Monday, August 29, 2011

Conversations

I hate this conversation:

Well-meaning adult: "When do you graduate?"
Me: "I hope to graduate with my master's degree in history next May."
Well-meaning adult: "That's great! ...(silence) ... Are you going to teach?"
Me: "No. I have a job editing and I really enjoy that." OR "No. I was doing that but I decided I don't like adolescents." OR "No. I'd like to get a PhD and work at a university." OR "No. I really like research."
Well-meaning adult: "Oh, how nice."

My degree is in history. I know about five unemployed history teaching majors. You can do other things with a history degree besides teach.

I can't help but feel like some of the issue is that I'm a woman and teaching is an acceptable field for those of my sex. Also--the humanities get no respect.

But mostly, I wish that people wouldn't ask me if I was going to teach. You don't ask that question of biology, math, or physics majors. It seems to be a plague for the humanities.

It's probably cuz people think that history is useless as a degree and (because there are so many amateur historians who do a poor job) they think that anyone can do it.

That conversation is almost as bad as (and always precedes) this one:

Well-meaning adult: "How is married life!?!"
Me: "Fine."
Me in my mind: "Good. I love having sex with my husband. Do you like doing that with your husband?"
Well-meaning adult: "How long have you been married?"
Me: "Two years. It is a good time."
Me in my mind: "How long have you been married? Thirty years?"
Well-meaning adult: "You know, I'm sure your mom would love to have some grandchildren."
Me: "Yes, I'm sure she would."
Me in my mind: "I am not pregnant."
Well-meaning adult: "Is that in the near future?"
Me: "No."
Me in my mind: "Why are all of your questions about my sex life?"

I need to keep these things in mind and NOT ask them when I am a well-meaning adult.
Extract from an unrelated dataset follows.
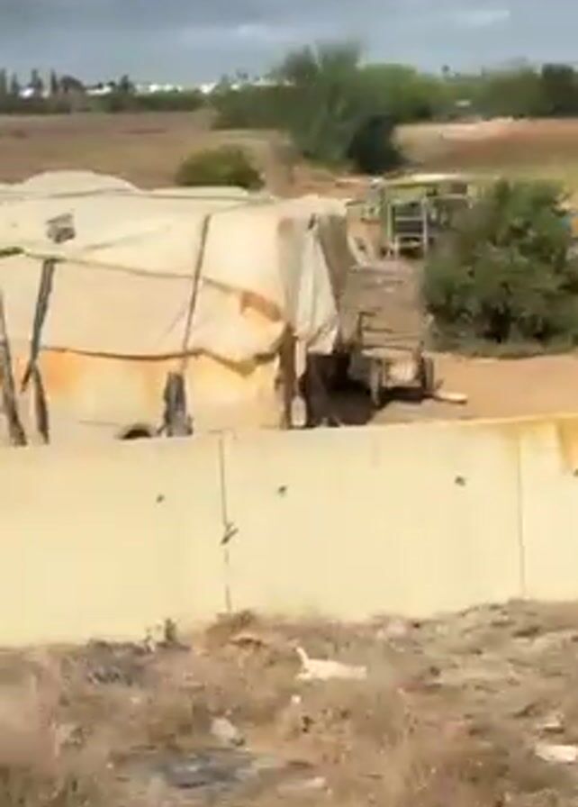 rapid, ground-level, view of a rural landscape under an overcast sky. The camera quickly passes by vegetation and a partially destroyed structure. The structure is made of cinder blocks and red bricks and is covered with a white tarp. The landscape includes barren fields with sparse vegetation. In the distance are vague outlines of what appears to be low-lying buildings.

Or maybe I'll just stay cynical and grumpy and not talk to young people who visit their parents.

11 comments:

Ashley said...

Oh Sarah! I know these converstaions all too well. I AM getting my major in Elementary Education, so I do intend to teach. However, I can't tell you how happy I'll be when I graduate. (Next spring...eeek!)

It seems to me that all of the school questions are so ingenuine. They always end the same. "That's great" "School can be so hard, but it'll be worth it" "You're going to look back on these days and wish you could come back". Uhhh, no. I really won't look back on these days and want to come back...TRUST me. College life has not been a happy experience for me and my husband.

As for the "When are you going to have kids?" questions: Interestingly enough, those have seemed to quiet down a bit. (from most people). Maybe becuase we've been married for 3+ years and people are finally getting the hint that "Seriously, we're not having kids until we're BOTH done with school".

This comment is long and I've ranted enough. Just know that I'm on your side. Congratulations on going for your Masters in History. That is very exciting for you!

Budding Home said...

I hate those conversations as well. I too am actually planning on being a teacher so my conversations go more like this:
me: "Yeah I'm going to school for Early Childhood ed."
them: "Don't you already have degrees? well do you have jobs in those fields"
me "nope"

and the other conversation I get a lot! Especially since everyone knows that we've been trying so I just flat out get asked if I'm pregnant. or the worst (in my opinion) "just stop trying then the lord will bless you with babies"
in my mind "I could give you some advice as well, like where to go!"

Melanie said...

poor, Sarah...

Karen said...

Oh, oh. I hope I am not in that category. I envy you and Andrew and say go for it. Do what you enjoy!!! Love you guys.

Kayleigh said...

Sarah, you are awesome. Never change. Unless you decide to become more awesome. That would be totally cool with me.

Will you be visiting your parents over Thanksgiving weekend? Because I'll be in Utah and we should hang out and catch up and discuss why the humanities matter.

-Kayleigh

Anonymous said...

Ditto with Melanie.

Stofam said...

Sarah, can I just say how much I love you and your posts??

Jennifer said...

I am a well meaning adult. :)

Christina Walker said...

I always hated those "Are you going to teach" questions too! There are so many things you can do with English, History and other humanities degrees--writing, anyone? Research, public relations, editing, etc.? If I had planned on teaching, wouldn't I have been an English Education major?

I imagine that most people A) don't know what professions exist for people with humanities degrees and/or B) just don't know how to respond to your answer. In which case, they shouldn't have asked in the first place.

In my experience, it gets better when you graduate and you can say what you do ("I'm a technical writer and freelance editor") instead of what you're studying.

Heather said...

Dear Sarah. I promise to not ask you any questions about your sex life. I think maybe you should ask those lovely well meaning people of few of their own questions. It's only fair :)

Annie O Castro said...

I hear you about the humanities. I was an English major who didn't plan to teach, which left people being all "then what are you possible going to do?!"

and this world would be a joke without the humanities. people just don't realize it!